福贵假谴了小太监去打探,不过一刻钟回来,当即脸上大变、额头渗出滴滴汗水,请罪道:“启禀皇上,奴婢失职,请皇上恕罪。”
皇帝不耐烦,“说。”
福贵不敢隐瞒,膝行向前,直到皇帝身边,才如蚊子嗡嗡般小声说明。
不出意料的震怒,皇帝失手甩掉了手中的茶盏,滚烫的茶水溅了富贵一身,他却不敢有丝毫动静,只将头埋得低低的,祈求度过此劫。
“岂有此理,岂有此理,混账,一群混账。”
皇帝胀得脸红脖子粗,一手甩掉御案上的奏折,又给脚边碍眼的家伙狠狠来了一脚,方才觉得解气。
“这消息是何处传来可知,为何这么久不报,皇后可曾处理?”到底是历经风雨的皇帝,很快冷静下来,思考起解决办法。
”启禀皇上,消息已经传了有一阵,查不出源头是谁,皇后为此处理过一波人,没能压下来,太后娘娘也是如此。

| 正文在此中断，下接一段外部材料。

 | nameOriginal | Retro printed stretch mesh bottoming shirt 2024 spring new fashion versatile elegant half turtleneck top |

“
至于为何没报,自然是不敢报,他不敢说。
皇帝也没想到正妻皇后身上,只当是自己那几个不安分的庶兄想出来的好主意,目的就是为了恶心他,毕竟这种事情,就跟癞蛤蟆跳脚上,不咬人膈应人。
事实也的确膈应,子嗣不是一两天就能有好消息的,思及自己在后宫播种几个月一点好消息没传出来,皇帝也有些奇怪。

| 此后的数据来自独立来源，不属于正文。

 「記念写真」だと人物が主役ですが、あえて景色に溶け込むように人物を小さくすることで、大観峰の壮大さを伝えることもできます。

不过他可没想到自己不能生,而是想着是不是后宫那群妃嫔喝避子汤把身体喝坏了。
为了破除谣言,皇帝忍住羞辱叫来太医给自己和后宫妃子检查身体,宫寒的妃子倒是检查出来几个,皇帝本人的结果当然没有问题,遗憾的是,这并不能解除大家的怀疑,毕竟众所周知,太医得听皇帝的。
皇帝当然也清楚,最好的办法就是有一个属于自己的孩子,无论男女、嫡庶,只要有人怀上就可以。
不管太医如何检查,皇帝已经认定这一群妃子都是不下蛋的,连带皇后一起被他嫌弃上了,于是乎,又想出一个骚操作。
“选秀?”冉佳怡看着一本正经的皇帝,企图看出他在开玩笑。
“皇后,此事就交由你了,咳咳,此次选妃不以容貌、家世、才情为最,得挑些身体好的,你知道的。”
冉佳怡:“......”我什么都不想知道。